Department of Surgery-Organ Donation and Transplantation, University Medical Center Groningen, Groningen, the Netherlands.

出版信息

PLoS One. 2020 Mar 10;15(3):e0229566. doi: 10.1371/journal.pone.0229566. eCollection 2020.

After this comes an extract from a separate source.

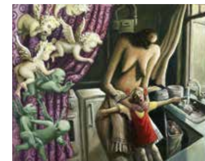
> Michael Kvium, En køkkenscene , 1986, Sorø Kunstmuseum.

DOI:10.1371/journal.pone.0229566
PMID:32155167
原文链接:https://pmc.ncbi.nlm.nih.gov/articles/PMC7064242/
Abstract

In porcine kidney auto-transplant models, red blood cells (RBCs) are required for ex-vivo normothermic machine perfusion (NMP). As large quantities of RBCs are needed for NMP, utilising autologous RBCs would imply lethal exsanguination of the pig that is donor and recipient-to-be in the same experiment. The purpose of this study was to determine if an isolated porcine kidney can also be perfused with allogeneic porcine or human RBCs instead. Porcine kidneys, autologous and allogeneic blood were obtained from a local slaughterhouse. Human RBCs (O-pos), were provided by our transfusion laboratory. Warm ischaemia time was standardised at 20 minutes and subsequent hypothermic machine perfusion lasted 1.5-2.5 hours. Next, kidneys underwent NMP at 37°C during 7 hours with Williams' Medium E and washed, leukocyte depleted RBCs of either autologous, allogeneic, or human origin (n = 5 per group). During perfusion all kidneys were functional and produced urine. No macroscopic adverse reactions were observed. Creatinine clearance during NMP was significantly higher in the human RBC group in comparison with the allogeneic group (P = 0.049) but not compared to the autologous group. The concentration of albumin in the urine was significantly higher in the human RBC group (P <0.001) compared to the autologous and allogeneic RBC group. Injury marker aspartate aminotransferase was significantly higher in the human RBC group in comparison with the allogeneic group (P = 0.040) but not in comparison with the autologous group. Renal histology revealed glomerular and tubular damage in all groups. Signs of pathological hyperfiltration and microvascular injury were only observed in the human RBC group. In conclusion, perfusion of porcine kidneys with RBCs of different origin proved technically feasible. However, laboratory analysis and histology revealed more damage in the human RBC group compared to the other two groups. These results indicate that the use of allogeneic RBCs is preferable to human RBCs in a situation where autologous RBCs cannot be used for NMP.

摘要

在猪肾自体移植模型中,需要红细胞(RBC)才能进行体外常温机器灌注(NMP)。由于 NMP 需要大量 RBC,因此如果要使用自体 RBC,则意味着供体和实验中即将接受的受体猪将因致命性放血而死亡。本研究旨在确定是否可以用同种异体猪或人 RBC 代替分离的猪肾进行灌注。从当地屠宰场获得猪肾、自体和同种异体血液,人类 RBC(O 阳性)由我们的输血实验室提供。热缺血时间标准化为 20 分钟,随后低温机器灌注持续 1.5-2.5 小时。接下来,在 37°C 下用 Williams' Medium E 对肾脏进行 NMP 7 小时,并使用来自自体、同种异体或人类来源的白细胞去除 RBC 进行冲洗(每组 5 个)。在灌注过程中,所有肾脏均具有功能并产生尿液。未观察到宏观不良反应。与同种异体组相比,NMP 期间人 RBC 组的肌酐清除率显著更高(P = 0.049),但与自体组相比则无差异。与自体和同种异体 RBC 组相比,人 RBC 组尿液中的白蛋白浓度显著更高(P <0.001)。与同种异体组相比,人 RBC 组的天冬氨酸转氨酶损伤标志物显著更高(P = 0.040),但与自体组相比则无差异。组织学检查显示所有组均有肾小球和肾小管损伤。仅在人 RBC 组观察到病理高滤过和微血管损伤的迹象。总之,用不同来源的 RBC 灌注猪肾在技术上是可行的。然而,实验室分析和组织学检查显示,与其他两组相比,人 RBC 组的损伤更大。这些结果表明,在无法使用自体 RBC 进行 NMP 的情况下,使用同种异体 RBC 优于人 RBC。